Segment Open

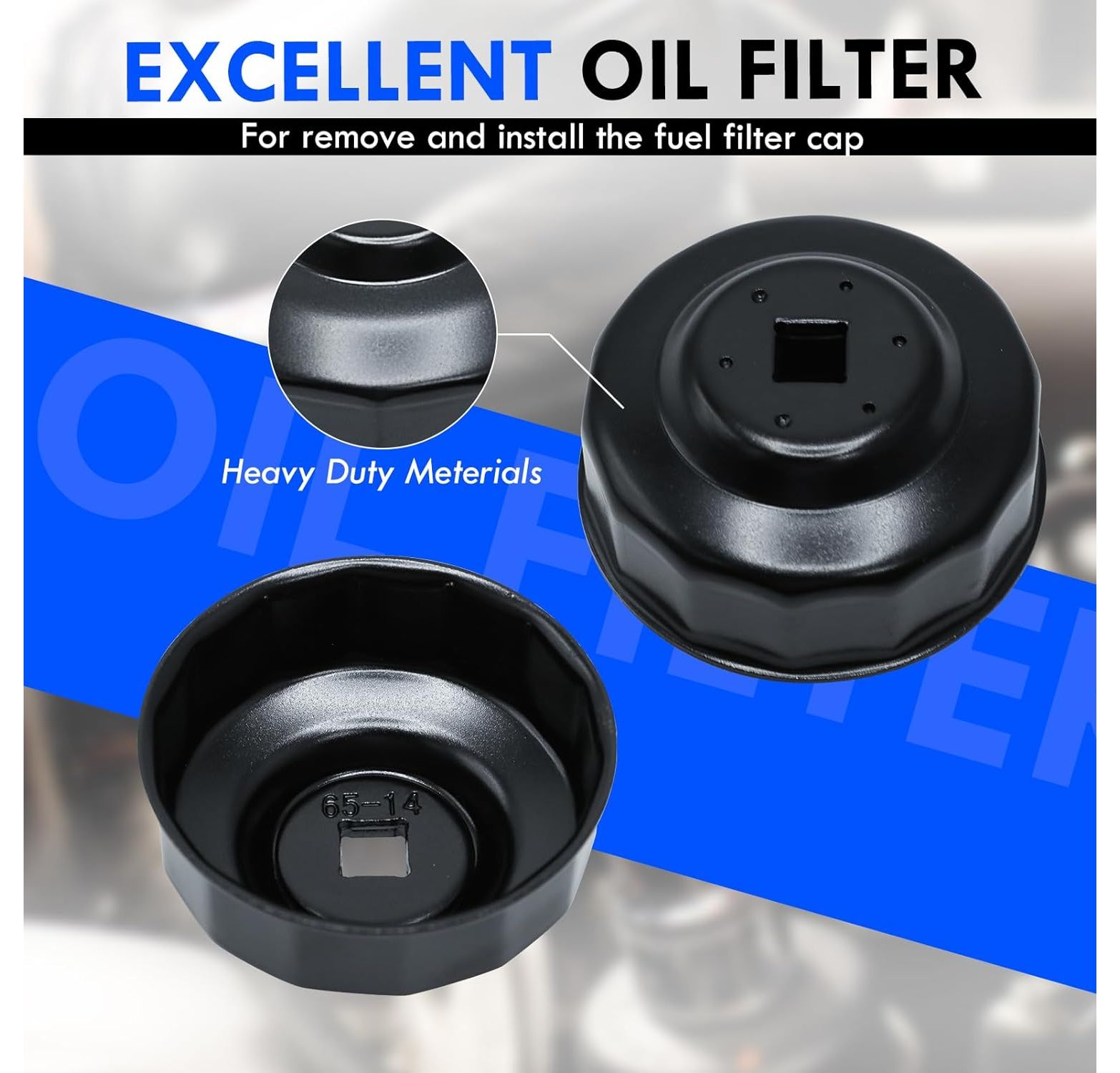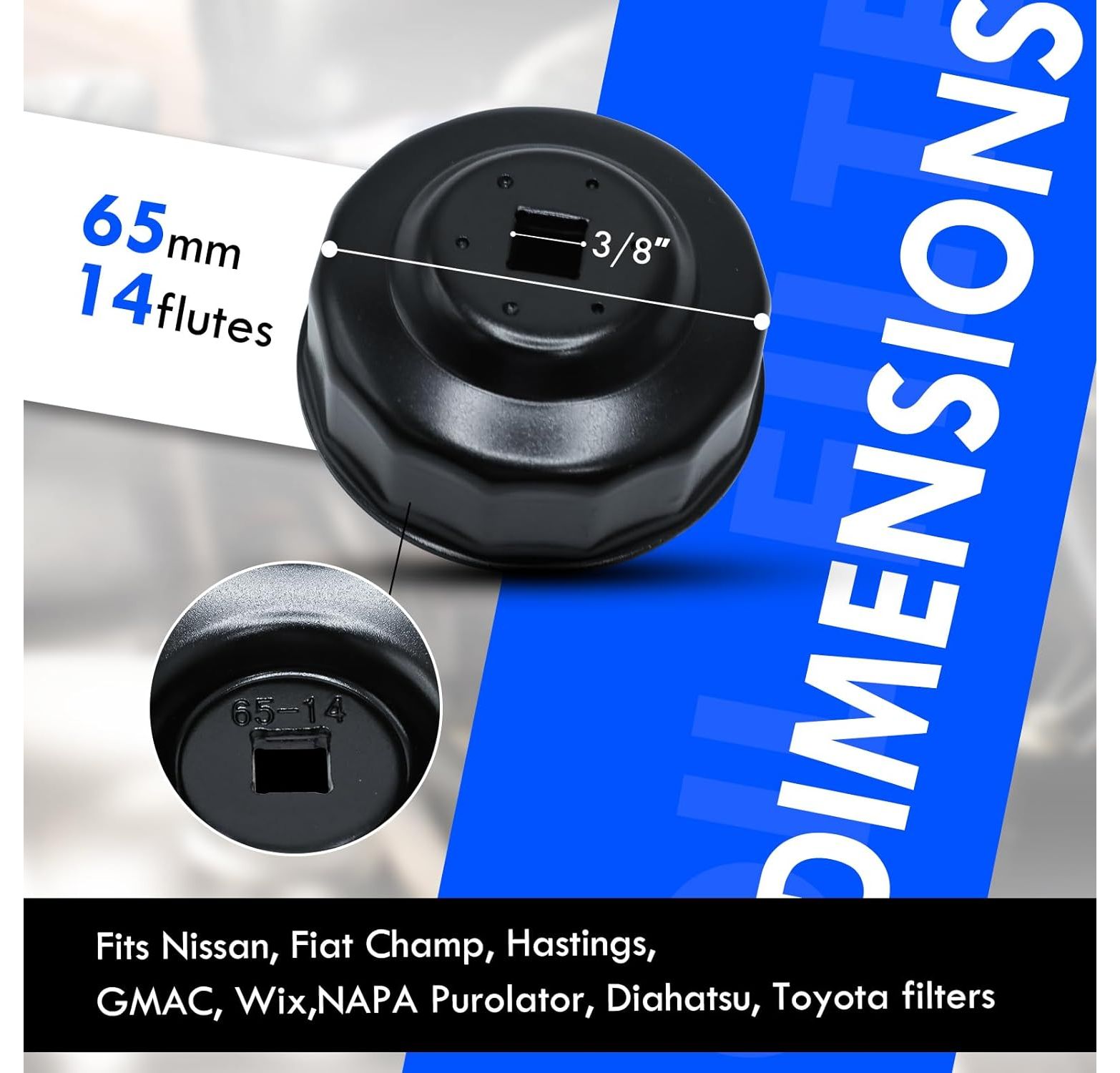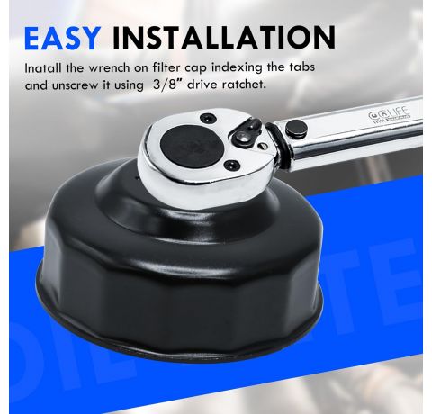 CCLIFE 65 mm Oil Filter Wrench 3/8 Inch Oil Filter Caps Oil Filter Tool Car 14-Point
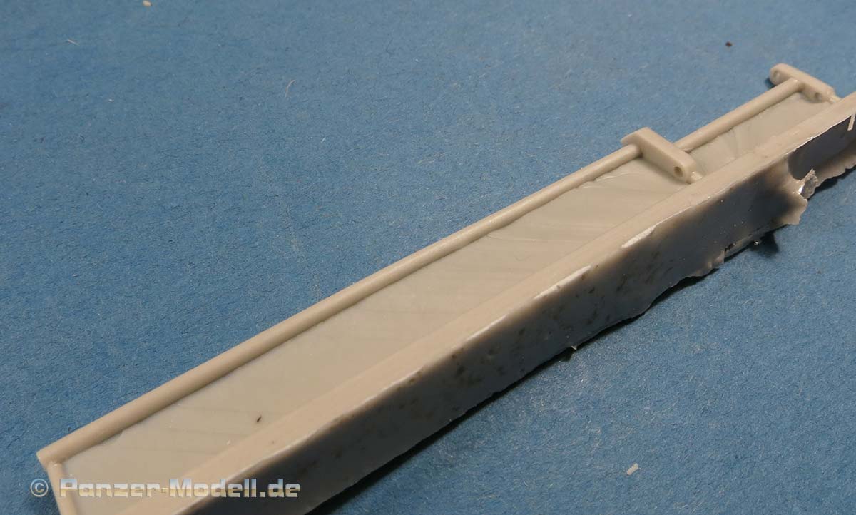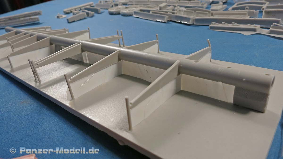 Die Unterkonstruktion der Ladefläche sieht gewaltig aus, nach dem Abtrennen des ganzflächigen Angusses und der hauchdünnen Zuführungen bleibt ein schönes, filigranes Gerippe auf dem die Ladefläche zum liegen kommt.
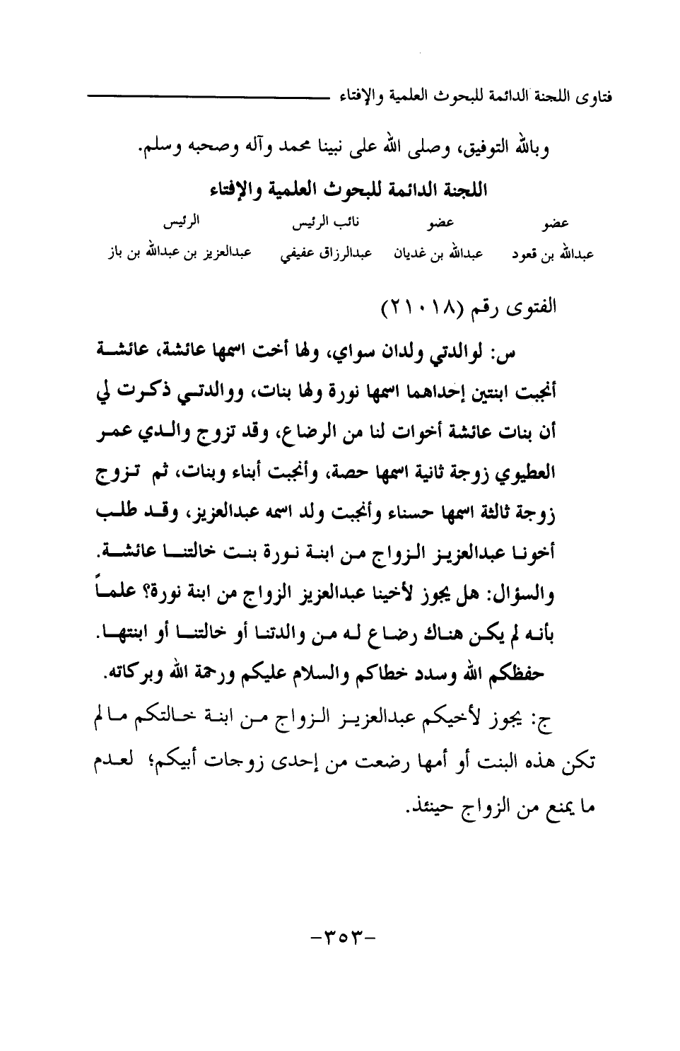 س: لوالدتي ولدان سواي، ولها أخت اسمها عائشة، عائشة أنجبت ابنتين إحداهما اسمها نورة ولها بنات، ووالدتي ذكرت لي أن بنات عائشة أخوات لنا من الرضاع، وقد تزوج والدي عمر العطيوي زوجة ثانية اسمها حصة، وأنجبت أبناء وبنات، ثم تزوج زوجة ثالثة اسمها حسناء، وأنجبت ولدا اسمه عبد العزيز، وقد طلب أخونا عبد العزيز الزواج من ابنة نورة بنت خالتنا عائشة.

Segment Closed

TASK STATEMENT: Retype the listing above exactly, please. Pictures do not belong in the copy.

RESPONSE FOR THIS EXERCISE:
 CCLIFE 65 mm Oil Filter Wrench 3/8 Inch Oil Filter Caps Oil Filter Tool Car 14-Point
 Die Unterkonstruktion der Ladefläche sieht gewaltig aus, nach dem Abtrennen des ganzflächigen Angusses und der hauchdünnen Zuführungen bleibt ein schönes, filigranes Gerippe auf dem die Ladefläche zum liegen kommt.
 س: لوالدتي ولدان سواي، ولها أخت اسمها عائشة، عائشة أنجبت ابنتين إحداهما اسمها نورة ولها بنات، ووالدتي ذكرت لي أن بنات عائشة أخوات لنا من الرضاع، وقد تزوج والدي عمر العطيوي زوجة ثانية اسمها حصة، وأنجبت أبناء وبنات، ثم تزوج زوجة ثالثة اسمها حسناء، وأنجبت ولدا اسمه عبد العزيز، وقد طلب أخونا عبد العزيز الزواج من ابنة نورة بنت خالتنا عائشة.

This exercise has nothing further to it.